WHAT THE TASK REQUIRES:
Everything from the line that has "In the anechoic" to the last line of the listing must be repeated exactly, and nothing more; omit the pictures.

===== PROVIDED RECORDS =====

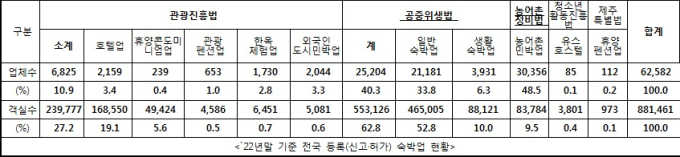 류호정 의원실이 문화체육관광부로부터 수령한 ‘2022년말 기준 전국 등록(신고·허가) 숙박업 현황 자료’에 따르면 「관광진흥법」, 「공중위생법」, 「농어촌정비법」 등을 근거로 숙박업소 현황이 관리되어 있었으나, 최근 인기를 끌고 있는 수영시설을 포함한 일명 ‘풀빌라’의 경우 정부의 관리 범위를 벗어나 무분별하게 난립하고 있다는 지적이다.
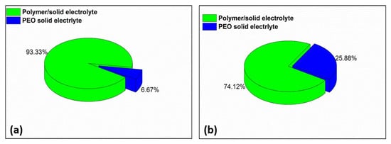 Polymers represent another category of materials which can be utilized to fabricate solid electrolytes due to their stable chemical properties at the electrode/electrolyte interface and action against dendrite growth from the Li metal anode. [126]. For example, polyethylene oxide (PEO) has been widely used over the past two decades as the basis for polymer electrolytes. This composite solid polymer electrolyte is an inorganic fibrous substrate containing PEO, ceramic powder, and a liquid electrolyte with a lithium or sodium salt [127]. Indeed, many inventions integrate polymer materials as a component of a solid-state electrolyte.
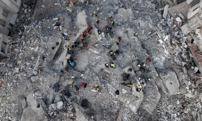 Nhân viên cứu hộ tìm kiếm người gặp nạn ở Gaziantep, Thổ Nhĩ Kỳ hôm 10/2. Ảnh: Anadolu Agency
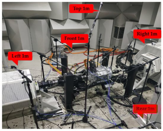 In the anechoic chamber, the electromagnetic noise of the permanent magnet synchronous motor was tested under full-load acceleration conditions, and the LMS SCADAS SCM205 multi-channel data acquisition equipment was used at the test front end, and the microphones were arranged in the 2in1 system near the top, front, rear, left and right side of the shell surface at 1 m. The overall experimental arrangement is shown in Figure 7.
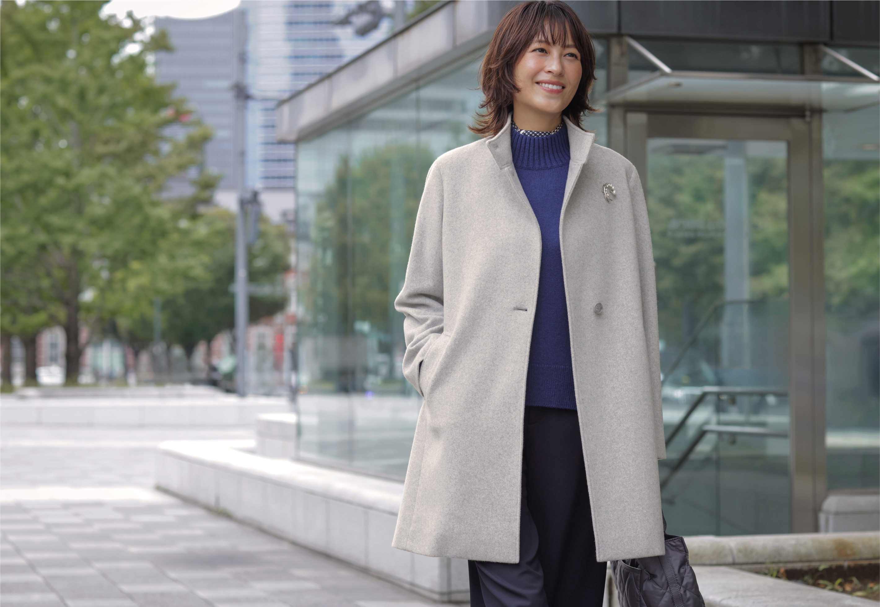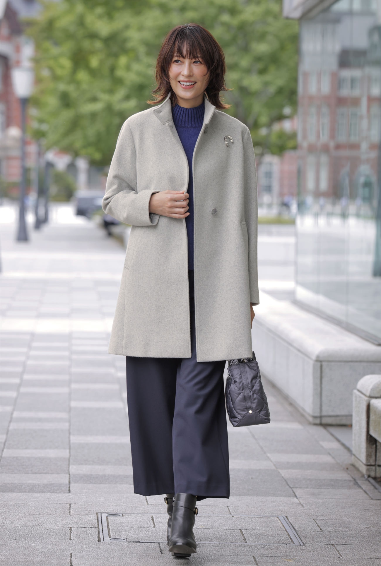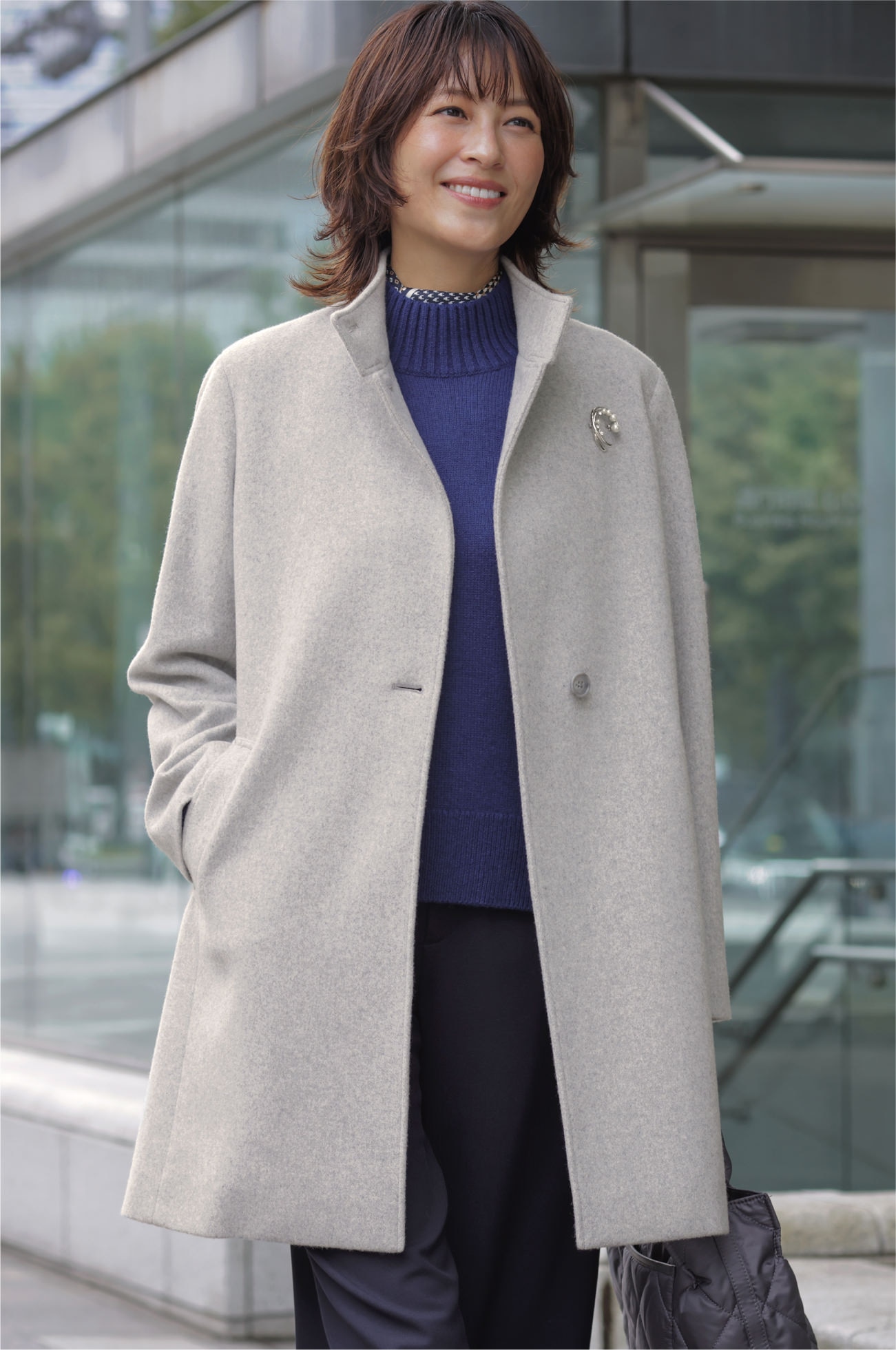 新年の通勤は、きっちりとした印象のスタンドカラーコートで気を引き締めつつも、トップグレーカラーで爽やかに仕上げる。

=====

YOUR SOLUTION:
 In the anechoic chamber, the electromagnetic noise of the permanent magnet synchronous motor was tested under full-load acceleration conditions, and the LMS SCADAS SCM205 multi-channel data acquisition equipment was used at the test front end, and the microphones were arranged in the 2in1 system near the top, front, rear, left and right side of the shell surface at 1 m. The overall experimental arrangement is shown in Figure 7.
 新年の通勤は、きっちりとした印象のスタンドカラーコートで気を引き締めつつも、トップグレーカラーで爽やかに仕上げる。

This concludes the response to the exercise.